Demetra's return to Nakuru after a month-long break in the States to attend med school interviews was a cause of celebration. Someone to share the load and the experience with were among the top, but close behind them was the delivery of a new supply of books. In the first six months I devoured most of the nine I had brought with twice. Throughout January, I sated my book lust with offerings of Austen and Doyle and Wodehouse through Project Gutenberg. I was just touch a desperate for some new blood. I finished Sarah Shun-Lien Bynum's Ms. Hempel Chronicles on the drive back from Nairobi.

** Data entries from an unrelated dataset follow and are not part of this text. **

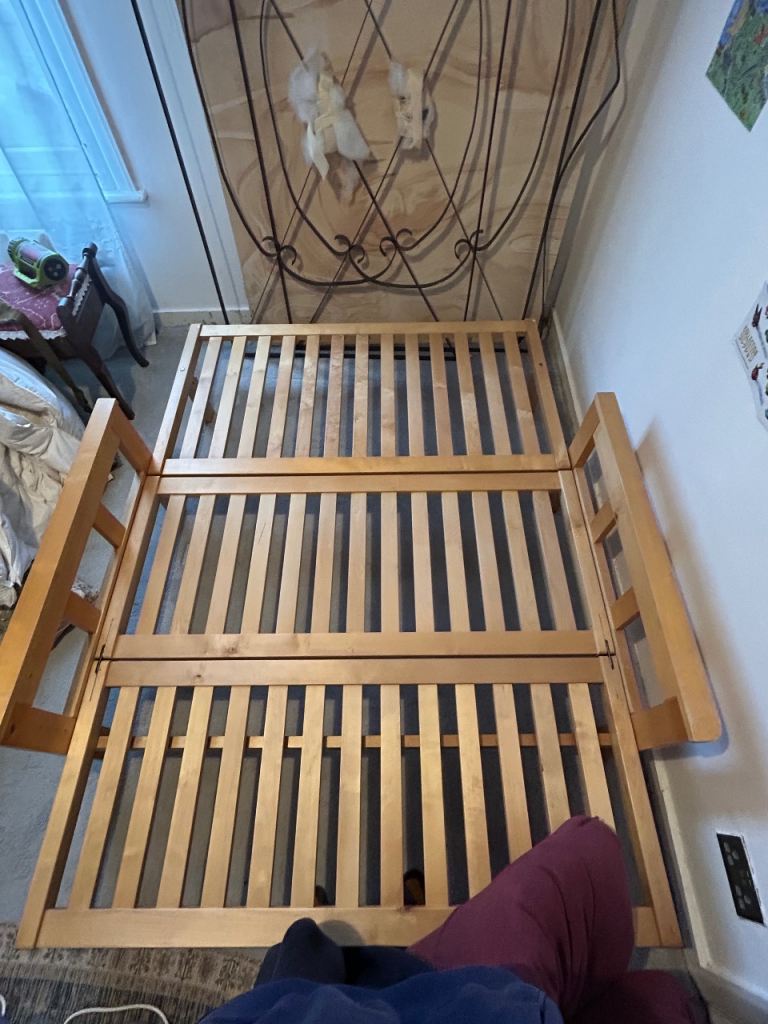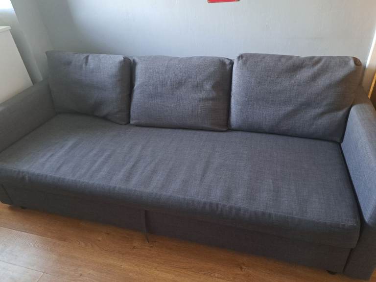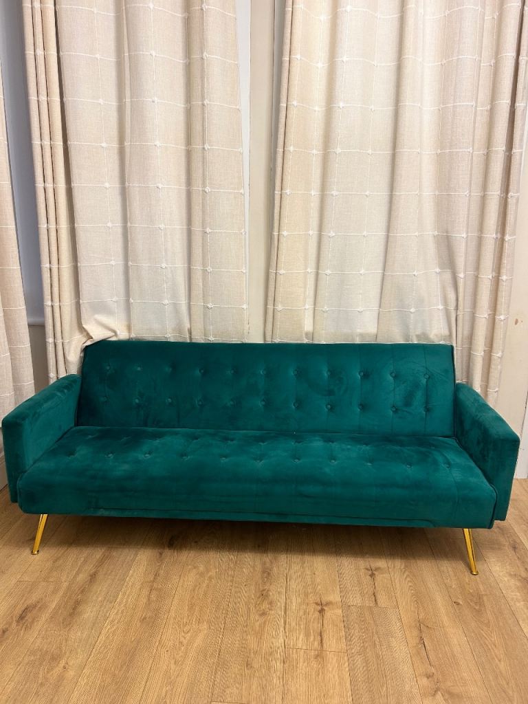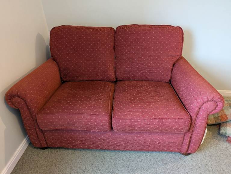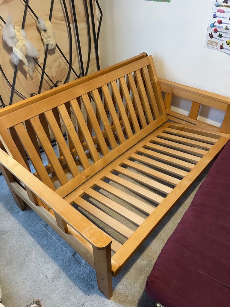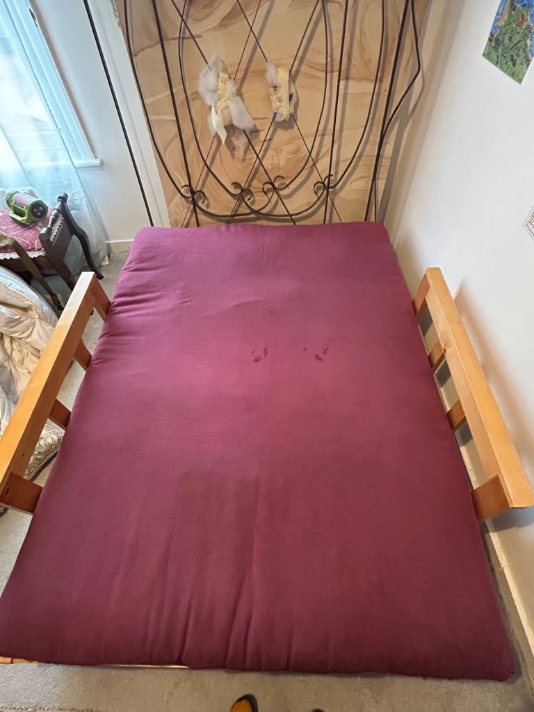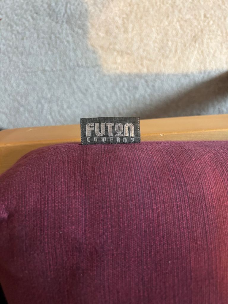 Really good heavy duty Futon by Futon Company with mattress and mattress cover. Used but still has loads of life in. Functions perfectly. Marks on the mattress cover are from dye we used to dyeing it red. Mattress cover can be taken off. COLLECTION ONLY from SE22.
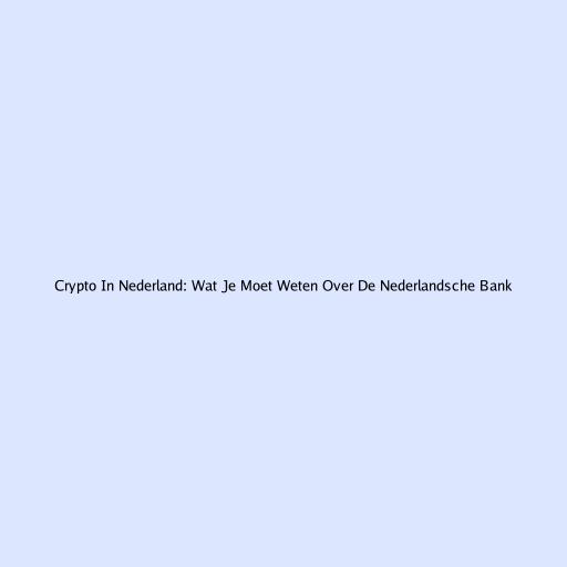 Crypto In Nederland: Wat Je Moet Weten Over De Nederlandsche Bank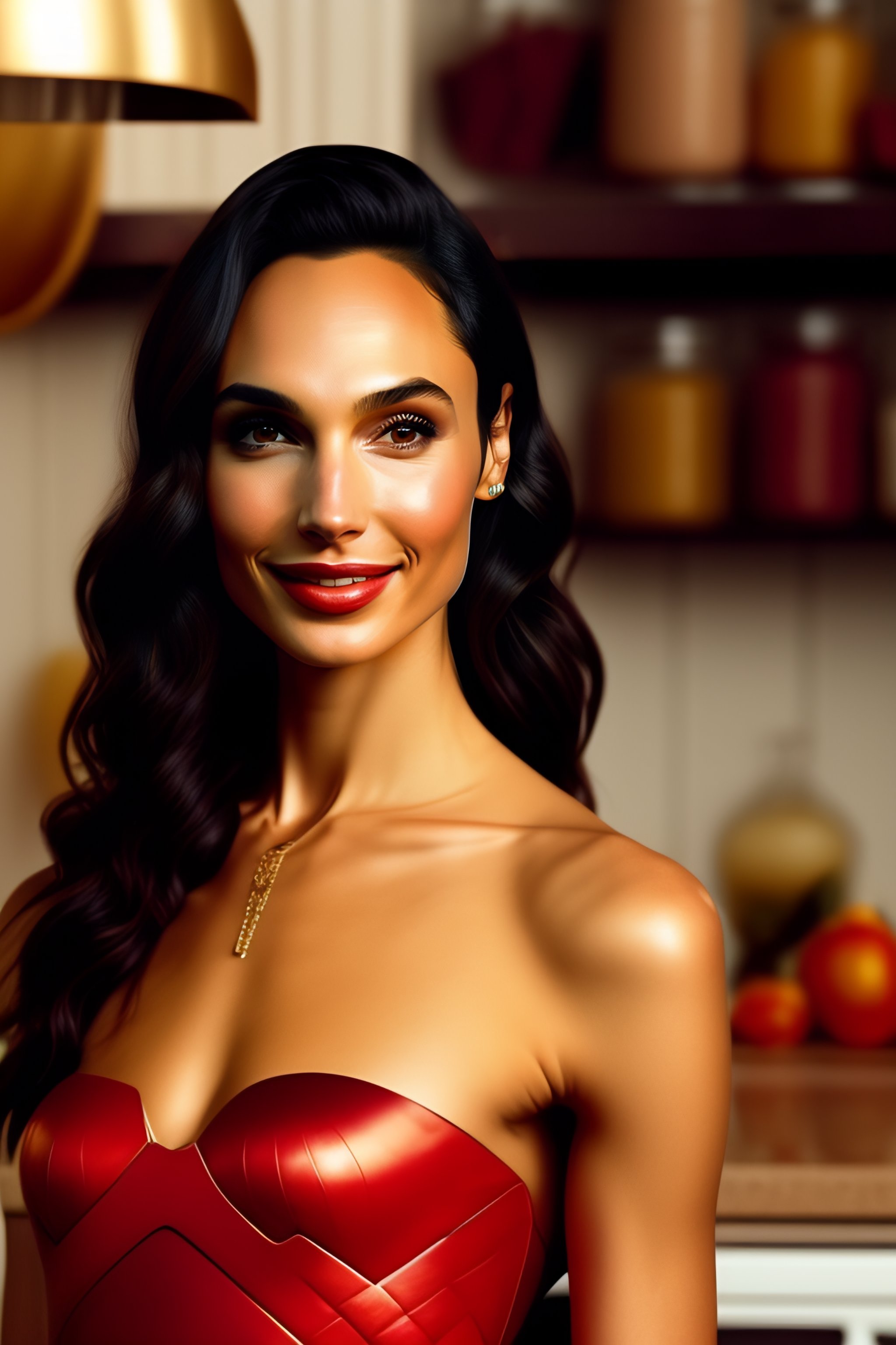 Gal gadot in oil in kitchen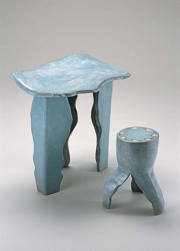 17×42×23cm 白土、トルコ青釉、酸化焼成、手びねり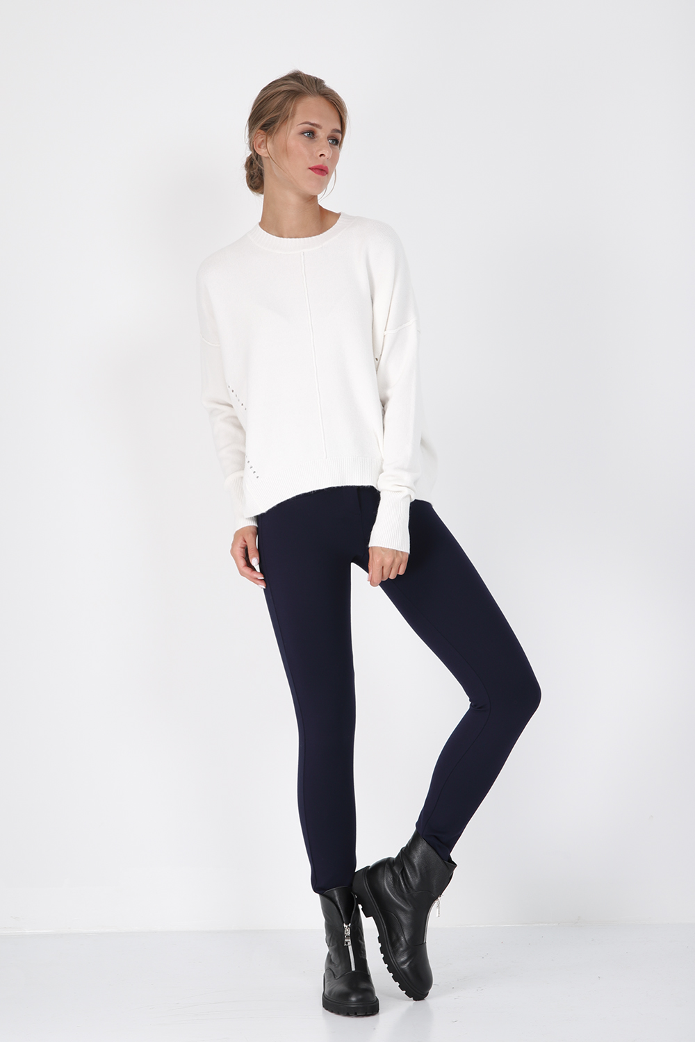 Брюки из плотного трикотажного полотна, зауженные к низу. Спереди отрезные бочки с декоративными карманами-обманками на молнии. Отрезной пояс со шлевками. Застежка на молнию и пуговицу. Сзади отрезная фигурная кокетка. Универсальные брюки на каждый день, сочетают в себе комфорт, практичность и актуальный внешний вид, хорошо комплектуются с большим количеством вещей.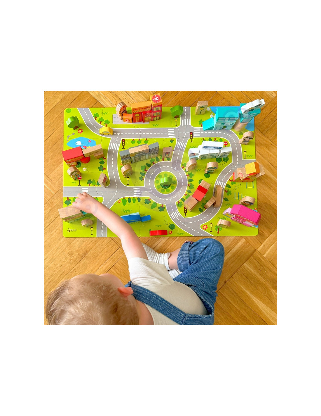 - - 18 puzzli do ułożenia planszy, na której powstanie miasteczko. Jeden element ma wymiar ok. 17 x 14cm,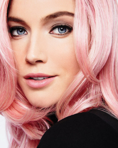A Pretty In Pink Favorite! A playful shade of pink makes this classic layered cut anything but ordinary! The dark root adds contrast and natural depth. Style it curled, waved, or even cut it short- this blushing beauty looks good at every angle and with any skin tone.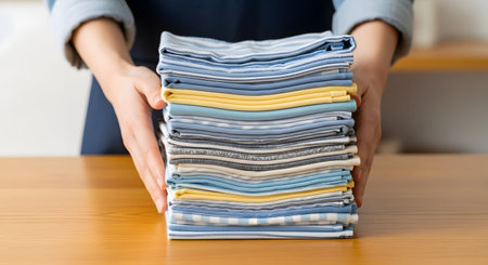 A person holds a tall, neat stack of folded fabrics or linens in shades of blue, white, and yellow. The image highlights organization, laundry care, and the texture of clean textiles.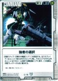 (防御步驟):指定1個交戰中的戰鬥區。全部的玩家是,該區中自軍機體 1枚留下,其於的機體以橫置狀態移至自軍配備區。這個效果是,從手番玩家先解決。 | ||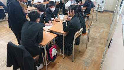 1年生は、一泊移住でつくるカレーをどんなカレーにするか、班で話し合いをしました。

Everyone in Chronicles is growing up. Everyone is searching for that maturity that will allow them to call themselves an adult and find some peace and place in the world but none have yet to find it. Not Ms. Hempel's seventh-grade class, not her kid sister and certainly not the titular Ms. Hempel. The seventh graders hardly understand their new bodies. Maggie Hempel is writing an essay for college that she doesn't particularly care for. Ms. Hempel has no idea what she wants, only some vague ideas of what should be avoided. The trades are an inappropriate profession for the middle-class. Affairs are wrong.
It's an difficult time. Growing up means taking responsibility. It means making decisions that will impact the rest of your life, decisions that have real consequences. It's an understandably self-indulgent and navel-gazing time, which is the difficulty with this fiction. The characters are irrpepressible whiners who cannot see beyond their own exaggerated issues to the real afflictions facing others. Caulfield couldn't stand the rest of society, and Ms. Hempel is so desperate for the affections of any that she isn't willing to stand up to her own students, allowing them to ask her about her sex life. "He grinned at her when he saw that she had pulled his crumpled paper from the pile. Whose the best lover you've ever had? ... But she found herself mysteriously touched, felt herself blushing in a pleasurable way."
In a novel, I feel, this sort of story is easier. There is a sustained narrative that allows one to trace the character's progression. They aren't always such self-absorbed punks. There are opportunities for growth. In Chronicles, though, where Ms. Hempel's path is carried through eight self-contained stories, she always starts in the same place, except for "Bump," set years after the others, and "Creep," set in her childhood. She is no different from the beginning of "Talent" to the beginning of "Satellite." She is still a hypocrite who demands her students explain the importance of history while remaining wholly oblivious to her own heritage. "Hunan? Szechuan? Were those provinces or just restaraunts?" She is still too lazy to write individual comments, "anecdotals," about her students. "'Is it okay for us to be reading this?' said Simon Grosse, who neede to ask permission for everything. Ms. Hempel would write Conscientious."
At its best, Chronicles finds the moments of transcendence available even to the weak. Rather than writing her students' anecdotals, Ms. Hempel assigns them to write their own in "Accomplice," in the tradition of Toby in This Boy's Life. It's a chance for the children to explain how they see themselves, worth far more than any SAT-level word Ms. Hempel might assign to them. In "Talent," the young magician pulls the mark's card from his back pocket after pulling the wrong card from the top of the pile. Failure is not the end. There is always that second try.
Chronicles is part of a long tradition of teaching novels and films. More often than not, it is a tradition which extols the dedicate, patient teachers who draw out the best in their students and allow them to succeed where others only expect failure. The stories of Jaime Escalante and Erin Gruwell make for some sentimental stuff, and Chronicles runs in absolutely the opposite direction. Early on, Ms. Hempel admits that she never wanted to be a teacher, and it's very clear that the profession has not grown on her in the least since becoming a part of it. This may be shocking to some. Teachers are supposed to love children. They are supposed to be developing with passion the young minds of the now and the leaders of tomorrow. It's a job that means something, that makes a real difference. Instead, Ms. Hempel imagines that slipping on a patch of ice on the way to school may put her into a body cast and keep her out of the classroom for a year, at least. "There was a way out, an honorable and dignified way out. All she had to do was undergo a terrible accident..."
I can sympathize with this. I may have only taught classes for the first month or two before we hired teachers for the center, but I have honestly dreamt of having malaria. At the very least, it would mean an iron-clad excuse not to work and avoid the kids, maybe some time to write or watch bootlegs in bed. At the very best, it would be that "honorable and dignified way out" from corrupt bureaucrats who will cut your electricity without looking for the paperwork you submitte, from chiefs who demand compensation before food can be shared with their people, from kids who refuse to eat the lunch you pay for at school because the portions are too small.
I'm past that now, it only took eight months, but I can understand the disgust Ms. Hempel feels when you only want out of something that everyone else will tell you is so necessary, so selfless, so good.